Data excerpts:
-=-=-=-=-
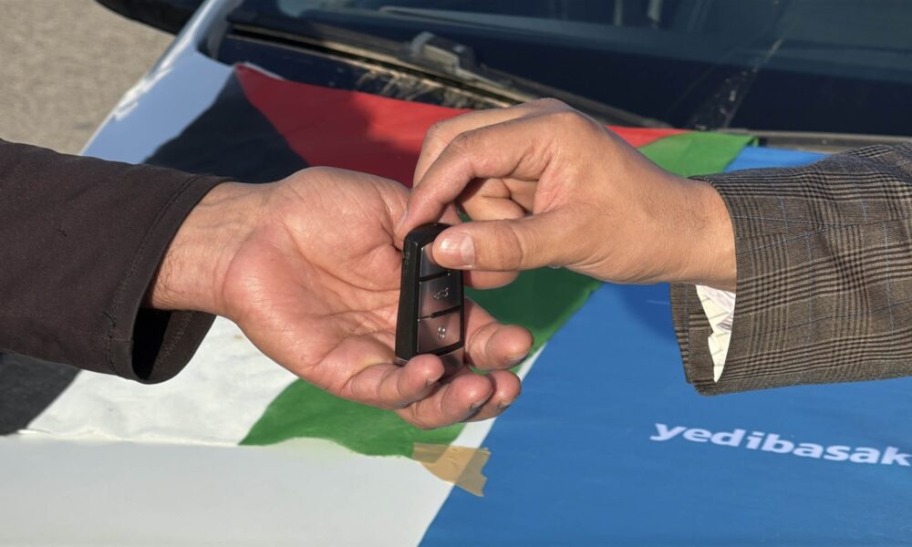 İsminin açıklanmasını istemeyen iş insanı, otomobilinin anahtarını Davet ve Kardeşlik Vakfı Midyat Başkanı Mehdi Ocaka teslim etti. Ocak da Gazzelilere ulaştırılması için otomobili Yedi Başak İnsani Yardım Derneği Mardin Şube Başkanı Mecit Taşa teslim etti. Satılıp, elde edilecek gelir Gazzeliere bağışlanacak. Otomobilin yaklaşık 1 milyon 100 bin TL değerinde olduğu belirtildi.
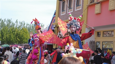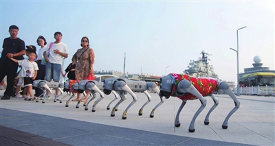 与此同时,一股强劲的“国潮风”也在公园内劲吹,为硬核的军事主题增添了浓厚的文化韵味。国内首创神话主题偶剧《神兽萌动奇遇记》华丽登场,四大神兽携使者天团与游客零距离互动,开启穿越千年的国风狂欢;非遗高跷木偶剧《凤鸣蛇舞》大胆颠覆传统,3米巨偶搭配扎染醒狮头,带来强烈的视觉冲击;《幻彩巨龙秀》中,6米高机械巨龙腾跃喷云,以现代科技唤醒千年龙魂;《赛博机甲秀》则巧妙融合工业美学与街头戏剧,4米高机械巨偶天团诠释着独特的赛博东方浪漫。从文化商业街每日上演的近百场街头互动表演,到科学魔法秀中徒手驭烈焰、空气炮轰鸣的奇妙瞬间,再到萌宠IP“吉福、抱豹、妃妃”的空降问候,国庆中秋期间,即便在降雨的情况下,泰达航母也用总计540余场的各类国潮非遗演出,确保了游客体验的丰富性、互动性与满意度。
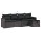 Salon de jardin 5 pcs avec coussins noir résine tresséeCet ensemble de canapés de jardin est le complément parfait de votre arrière-cour, terrasse ou patio, offrant un espace confortable et accueillant pour discuter avec la famille et les amis ou simplement se détendre et profiter de l'extérieur. Matériau durable : la résine tressée, également connue sous le nom de poly rotin, est un matériau synthétique solide et nécessitant peu d'entretien qui ressemble au rotin naturel. Il est léger, facile à nettoyer et couramment utilisé pour les meubles d'extérieur en raison de sa durabilité et de ses propriétés de résistance aux intempéries.Expérience d'assise confortable : ce mobilier d'extérieur, doté de coussins épais, offre une expérience d'assise confortable.Housse amovible et lavable : ces coussins de siège sont dotés de housses amovibles pour un lavage et un entretien faciles.Cadre robuste et stable : le cadre en acier enduit de poudre assure la solidité et la stabilité du meuble de jardin pour une utilisation quotidienne à l'extérieur.Conception modulaire : cet ensemble de meubles d'extérieur a une conception modulaire, ce qui le rend complètement flexible et facile à déplacer, afin que vous puissiez créer un agencement de meubles d'extérieur personnalisé. Bon à savoir :Pour que vos meubles d'extérieur restent beaux, nous vous recommandons de les protéger avec une housse imperméable.
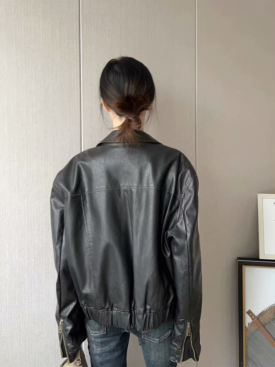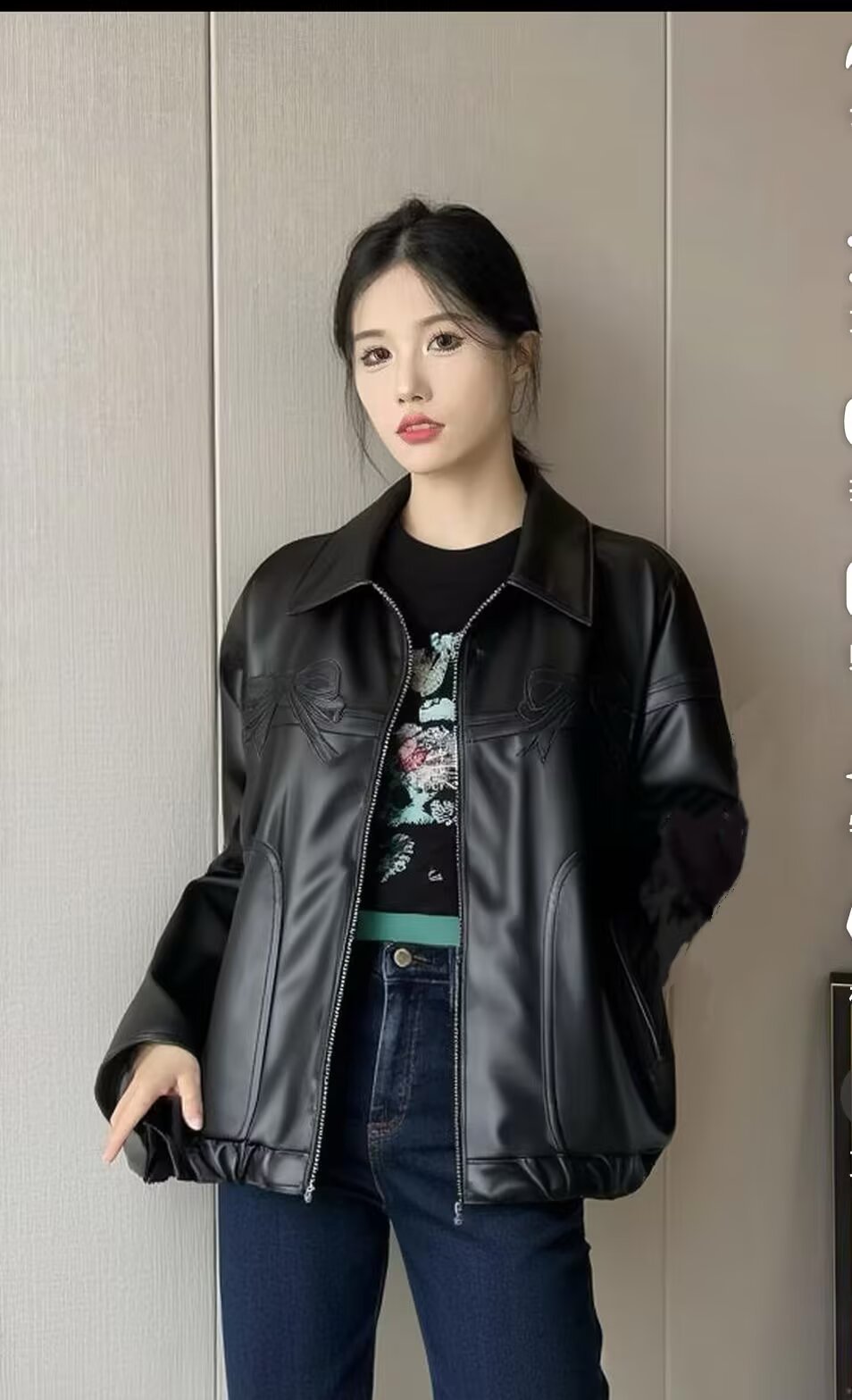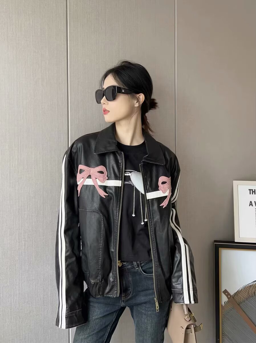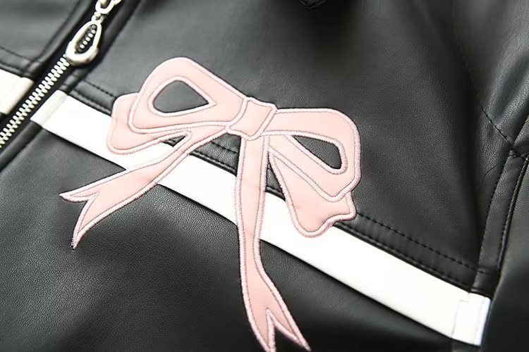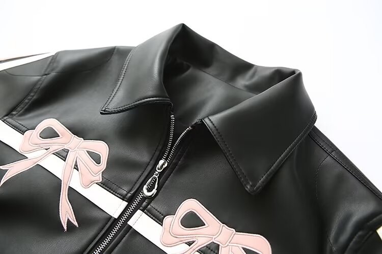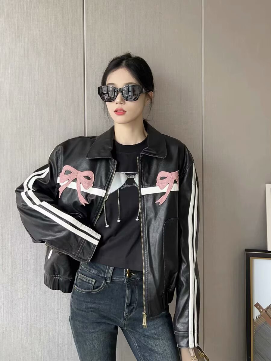 2025 가을 겨울 신상 유럽 및 미국 여성복 달콤하고 시크한 리본 자수 가죽 재킷 w034 23215
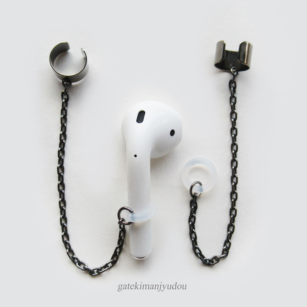 ワイヤレスイヤホンにはめる部分とイヤーカフスをチェーンで繋いだアクセサリーです。
-=-=-=-=-
— Instructions for the task —
A word-for-word transcription of the entries above, free of images, is what is wanted.

— Exercise result —
 İsminin açıklanmasını istemeyen iş insanı, otomobilinin anahtarını Davet ve Kardeşlik Vakfı Midyat Başkanı Mehdi Ocaka teslim etti. Ocak da Gazzelilere ulaştırılması için otomobili Yedi Başak İnsani Yardım Derneği Mardin Şube Başkanı Mecit Taşa teslim etti. Satılıp, elde edilecek gelir Gazzeliere bağışlanacak. Otomobilin yaklaşık 1 milyon 100 bin TL değerinde olduğu belirtildi.
 与此同时,一股强劲的“国潮风”也在公园内劲吹,为硬核的军事主题增添了浓厚的文化韵味。国内首创神话主题偶剧《神兽萌动奇遇记》华丽登场,四大神兽携使者天团与游客零距离互动,开启穿越千年的国风狂欢;非遗高跷木偶剧《凤鸣蛇舞》大胆颠覆传统,3米巨偶搭配扎染醒狮头,带来强烈的视觉冲击;《幻彩巨龙秀》中,6米高机械巨龙腾跃喷云,以现代科技唤醒千年龙魂;《赛博机甲秀》则巧妙融合工业美学与街头戏剧,4米高机械巨偶天团诠释着独特的赛博东方浪漫。从文化商业街每日上演的近百场街头互动表演,到科学魔法秀中徒手驭烈焰、空气炮轰鸣的奇妙瞬间,再到萌宠IP“吉福、抱豹、妃妃”的空降问候,国庆中秋期间,即便在降雨的情况下,泰达航母也用总计540余场的各类国潮非遗演出,确保了游客体验的丰富性、互动性与满意度。
 Salon de jardin 5 pcs avec coussins noir résine tresséeCet ensemble de canapés de jardin est le complément parfait de votre arrière-cour, terrasse ou patio, offrant un espace confortable et accueillant pour discuter avec la famille et les amis ou simplement se détendre et profiter de l'extérieur. Matériau durable : la résine tressée, également connue sous le nom de poly rotin, est un matériau synthétique solide et nécessitant peu d'entretien qui ressemble au rotin naturel. Il est léger, facile à nettoyer et couramment utilisé pour les meubles d'extérieur en raison de sa durabilité et de ses propriétés de résistance aux intempéries.Expérience d'assise confortable : ce mobilier d'extérieur, doté de coussins épais, offre une expérience d'assise confortable.Housse amovible et lavable : ces coussins de siège sont dotés de housses amovibles pour un lavage et un entretien faciles.Cadre robuste et stable : le cadre en acier enduit de poudre assure la solidité et la stabilité du meuble de jardin pour une utilisation quotidienne à l'extérieur.Conception modulaire : cet ensemble de meubles d'extérieur a une conception modulaire, ce qui le rend complètement flexible et facile à déplacer, afin que vous puissiez créer un agencement de meubles d'extérieur personnalisé. Bon à savoir :Pour que vos meubles d'extérieur restent beaux, nous vous recommandons de les protéger avec une housse imperméable.
 2025 가을 겨울 신상 유럽 및 미국 여성복 달콤하고 시크한 리본 자수 가죽 재킷 w034 23215
 ワイヤレスイヤホンにはめる部分とイヤーカフスをチェーンで繋いだアクセサリーです。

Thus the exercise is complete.